Please print out the entries below unchanged and skip the images.

=== RECORDS FOR THIS EXERCISE ===

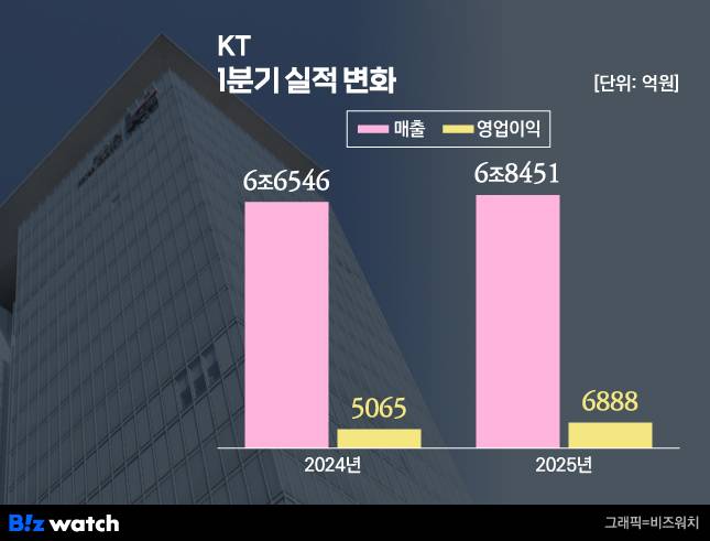KT는 올해 1분기 연결기준 매출이 전년 동기 대비 2.9% 증가한 6조8451억원으로 잠정 집계됐다고 9일 공시했다. 같은 기간 영업이익은 36.0% 증가한 6888억원이다.
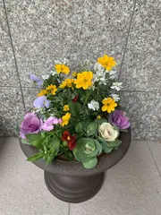 寄せ植えバイキングに行ってきました 寄せ植えバイキングで作ってきました。小さな葉牡丹4苗が1ポットに入っていたので.2苗ずつ分けて植えてみました。今回は色味を揃えたかったのですが、高さのある花の種類が少なく、葉物がなかったのでまたまたカラフルになってしまいました。前回よりは上手く植えることができました。通りががりのお客さんにも「上手だ
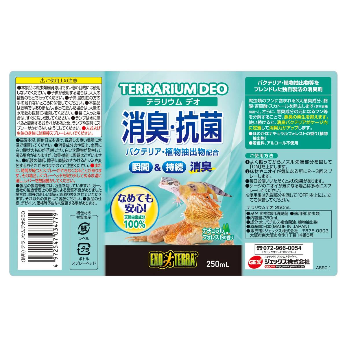 GEX EXOTERRA テラリウムデオ 250mL 天然由来バクテリア 悪臭の元を分解消臭 爬虫類専用 ほのかなフォレストの香り
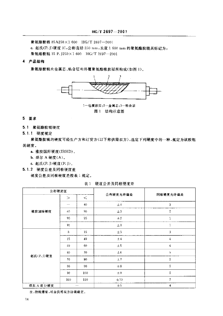 HG/T 2697-2001 胶辊 第二部分 聚氨酯胶辊
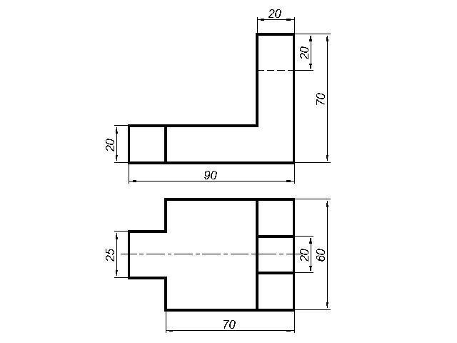 Начертите фронтальную проекцию предмета (рис. 66). Пользуясь наглядным изображением. постройте горизонтальную проекцию. Нанесите размеры.
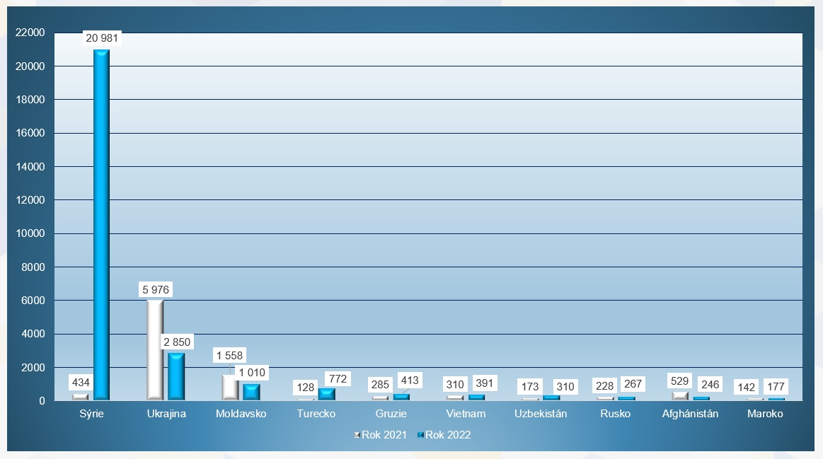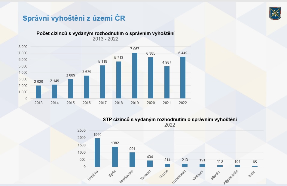 Всего в 2022 году из Чехии было выдворено 6449 нелегалов (+1462 в межгодовом сравнении). Чаще всего речь шла о гражданах Украины (1960 человек), Сирии (1382) и Молдовы (991).
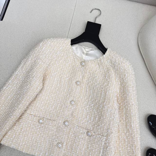 Hot Selling Item: C-brand 25Ss Autumn/Winter Newest Elegant Set - Round Neck Short Knitted Jacket + Bodycon Skirt. Anyone wearing this will exude the elegant and noble air of a wealthy heiress. Beauty and style go hand in hand; it's a winter wardrobe treasure! Even petite women can easily pull it off. The color-blocking design is just right, creating a cohesive look. Available now in sizes S, M, and L. Size S: Bust 94cm, Length 50cm, Waist 68cm, Hips 92cm, Skirt Length 38cm. (DDD)
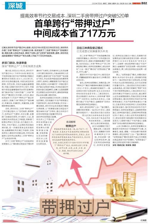 记者从深圳市不动产登记中心获悉,自2021年4月至2023年6月30日,深圳市共办理二手房“带押过户”已突破520单,有效发挥了二手房“带押过户”的制度价值,降低当事人的经济成本,降低了当事人的“

===

SOLVED EXERCISE:
KT는 올해 1분기 연결기준 매출이 전년 동기 대비 2.9% 증가한 6조8451억원으로 잠정 집계됐다고 9일 공시했다. 같은 기간 영업이익은 36.0% 증가한 6888억원이다.
 寄せ植えバイキングに行ってきました 寄せ植えバイキングで作ってきました。小さな葉牡丹4苗が1ポットに入っていたので.2苗ずつ分けて植えてみました。今回は色味を揃えたかったのですが、高さのある花の種類が少なく、葉物がなかったのでまたまたカラフルになってしまいました。前回よりは上手く植えることができました。通りががりのお客さんにも「上手だ
 GEX EXOTERRA テラリウムデオ 250mL 天然由来バクテリア 悪臭の元を分解消臭 爬虫類専用 ほのかなフォレストの香り
 HG/T 2697-2001 胶辊 第二部分 聚氨酯胶辊
 Начертите фронтальную проекцию предмета (рис. 66). Пользуясь наглядным изображением. постройте горизонтальную проекцию. Нанесите размеры.
 Всего в 2022 году из Чехии было выдворено 6449 нелегалов (+1462 в межгодовом сравнении). Чаще всего речь шла о гражданах Украины (1960 человек), Сирии (1382) и Молдовы (991).
 Hot Selling Item: C-brand 25Ss Autumn/Winter Newest Elegant Set - Round Neck Short Knitted Jacket + Bodycon Skirt. Anyone wearing this will exude the elegant and noble air of a wealthy heiress. Beauty and style go hand in hand; it's a winter wardrobe treasure! Even petite women can easily pull it off. The color-blocking design is just right, creating a cohesive look. Available now in sizes S, M, and L. Size S: Bust 94cm, Length 50cm, Waist 68cm, Hips 92cm, Skirt Length 38cm. (DDD)
 记者从深圳市不动产登记中心获悉,自2021年4月至2023年6月30日,深圳市共办理二手房“带押过户”已突破520单,有效发挥了二手房“带押过户”的制度价值,降低当事人的经济成本,降低了当事人的“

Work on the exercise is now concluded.